#### What you will do:
Print every line from the start of the data, and when you reach the line with "서석고 검도팀. 앞 줄", include it and stop. Pictures are not part of the copy.

#### Records to use:
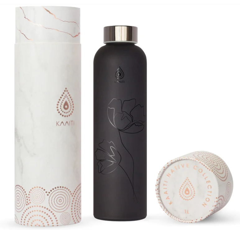 Support your sustainable lifestyle with this Australian designed native-inspired glass water bottle!
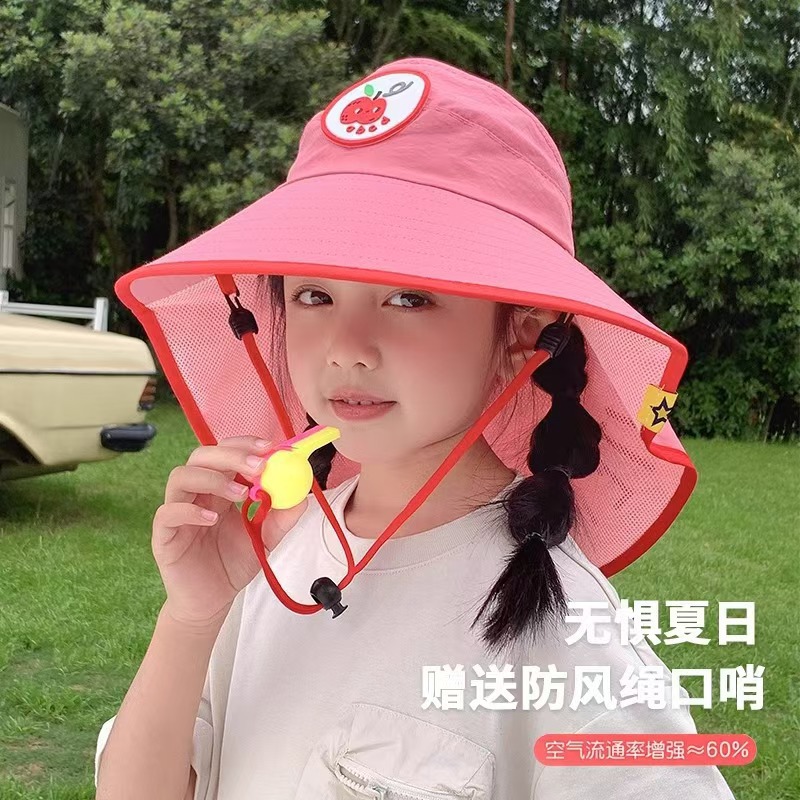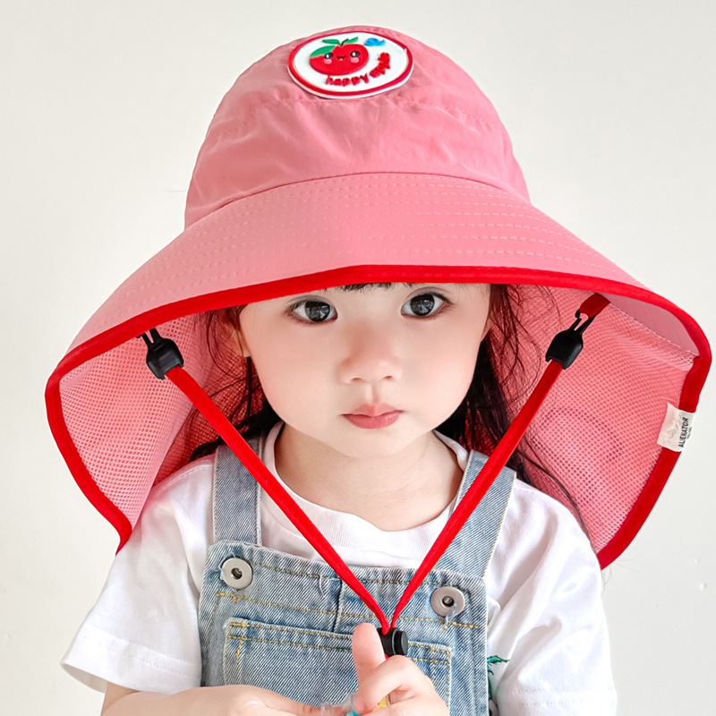 • 로즈핑크-어린이 사과 숄 자외선 차단 반중공 모자
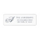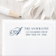 Une élégante étiquette minimaliste d'adresse de retour avec votre monogramme initial en typographie de script. Personnalisez avec votre nom et votre adresse dans une simple typographie bleu foncé.
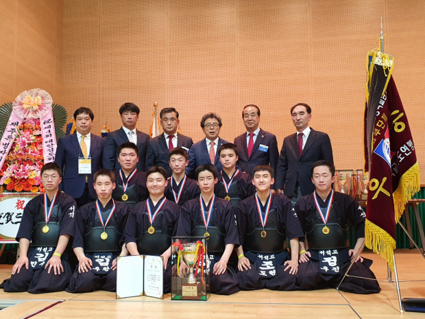 서석고 검도팀. 앞 줄 왼쪽부터 김민수·임우찬·이승준·이종한·조도현·정우진, 두번째 줄 왼쪽부터 임지문·김영운·안태준, 세번째 줄 왼쪽부터 남태윤 코치, 이강산 감독, 최성운 심판장, 김종덕 중고연맹회장, 이전종 지도위원, 윤삼중 중고연맹부회장.
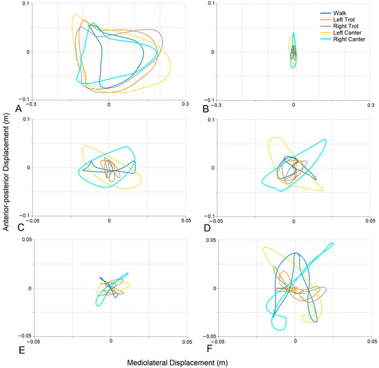 Examples of average transverse-plane motions (m) on the left from a Small Tour rider riding a Small Tour horse (average scores: gait = 6.3; general impression = 6.6) (A,C,E) and, on the right, from a higher-scoring GP rider riding a GP horse (average scores: gait = 7.7; general impression = 7.6) (B,D,F) over 9 strides of steady-state gait in a straight line. (A,B) Trunk displacement. (C,D) Pelvis displacement. (E,F) Horse back displacement. Walk = blue; left trot = orange; right trot = grey; left canter = yellow; right canter = cyan.
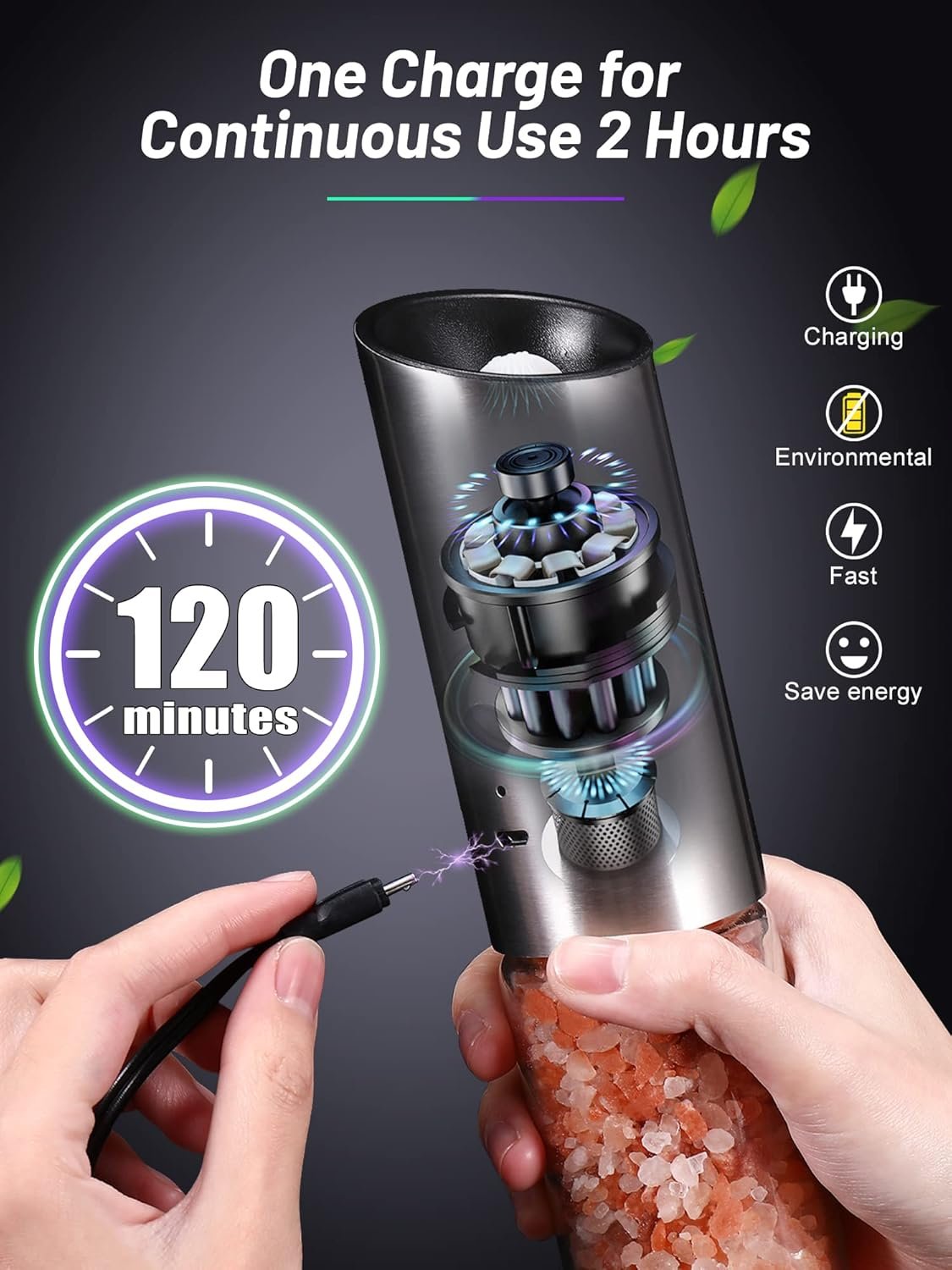 【USB Rechargeable & Kitchen Must Haves 】Our upgraded rechargeable salt and pepper grinder set avoids the hassle of battery replacement, which is different from other automatic salt and pepper grinder set. The electric pepper grinder has a built-in rechargeable 1200mah lithium battery, allowing you to charge it anytime, anywhere. The super long standby time supports 180 uses on a single charge.

#### The completed task:
 Support your sustainable lifestyle with this Australian designed native-inspired glass water bottle!
 • 로즈핑크-어린이 사과 숄 자외선 차단 반중공 모자
 Une élégante étiquette minimaliste d'adresse de retour avec votre monogramme initial en typographie de script. Personnalisez avec votre nom et votre adresse dans une simple typographie bleu foncé.
 서석고 검도팀. 앞 줄 왼쪽부터 김민수·임우찬·이승준·이종한·조도현·정우진, 두번째 줄 왼쪽부터 임지문·김영운·안태준, 세번째 줄 왼쪽부터 남태윤 코치, 이강산 감독, 최성운 심판장, 김종덕 중고연맹회장, 이전종 지도위원, 윤삼중 중고연맹부회장.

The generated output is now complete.